The act of painting, which is closely tied to Zvavahera’s Christian beliefs and desire to comprehend the metaphysical through her dreams, involves working through the potential prophecies and messages they encode. The connections between conscious and unconscious states, and between painting and praying, have been key from the start of her career. Zvakazarurwa will open with a selection of early works made between 2012-2016, which focus on the female body and its role in various rites of spiritual and secular passage: walking in wedding processions, kneeling in prayer and giving birth. As its title suggests, Labour Pains (2012) depicts a woman writhing in discomfort, her head arched back, her mouth agape and limbs askew. Similarly, Labour Ward (2012) shows a group of vibrantly painted bodies, tightly packed together to propose childbirth as a collective endeavour. These scenes will be shown alongside His Presence (2013) and Embraced and Protected in You (2016), one of Zvavahera’s larger works which suggests two female figures in the comforting company of a veiled entity.

The exhibition will continue with a pair of large paintings from 2022-2023 that explore a recurring dream in which rats, embodying harm and danger, need to be contained and withstood in order to protect herself and loved ones from harm. An example from this period, Pane rima rakakomba [There’s too much darkness] (2023), created while the artist was pregnant, will illustrate the ominous creatures from which she needed to protect her unborn child. The canvas will be shown alongside a new work from 2024 showing a menacing picture of demonic, shape-shifting beings clawing after a woman in white. Zvakazarurwa will then culminate in six large new works, all of which reference this nightmare, distilling it in layers of shape and form through patterns and motifs that have been pressed in lace, scraped in wax, washed in ink and delineated over huge colour-saturated expanses of canvas.

Despite the beasts and spectres that populate these images, the exhibition will also be filled with angelic cyphers that promise both respite and triumph. For Zvavahera, the act of art making can help identify both warning signs and positive divinations, as suggested in a new painting in which five huddled siblings appear to float towards the heavens together.

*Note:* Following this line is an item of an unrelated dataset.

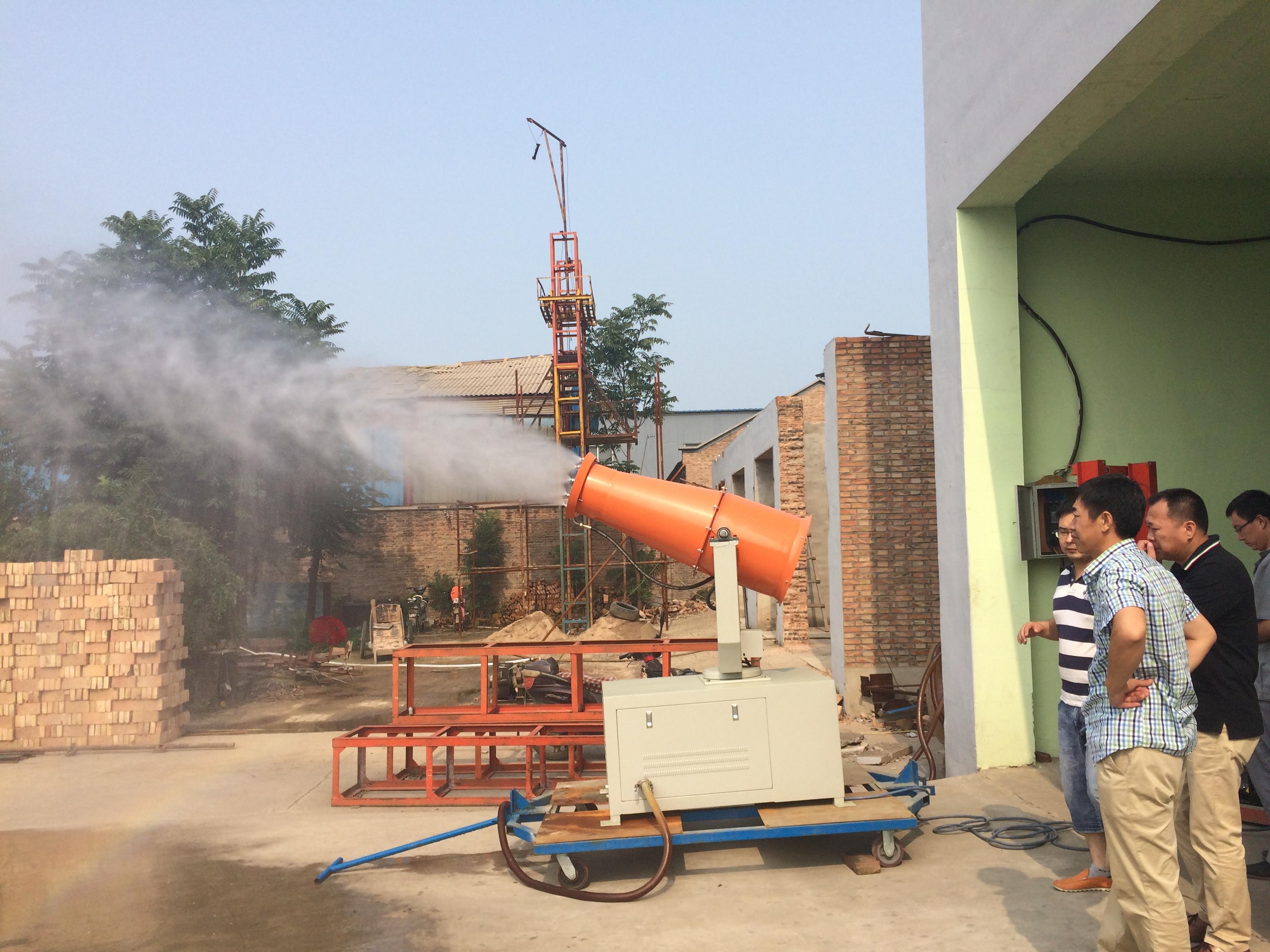 2015年7月25日,又是一個周末,也正是廣大客戶們可以放一放手頭工作到其他公司參觀一下產品的好時機,于是今天上午河北獻縣建筑工地客戶應邀來我公司參觀,我公司也把 研發的LHW-50型降噪除塵噴霧機拿給客戶參觀,在發電機的轟鳴下,除塵噴霧機噴出一條長長的霧化帶,在技術工人的操作下,我公司的除塵噴霧機做了上仰,下降,320度旋轉等動作,得到了客戶的一致認可。

Zvakazarurwa is organised by Kettle’s Yard, University of Cambridge, in collaboration with Fruitmarket, Edinburgh, where it will travel from 1 March – 25 May 2025. It is curated by Tamar Garb, Durning Lawrence Professor in History of Art at University College London. A new publication will accompany the exhibition, featuring an essay by Tamar Garb and a conversation between the curator and Sinazo Chiya, Tandazani Dhlakama and Pumla Gobodo-Madikizela.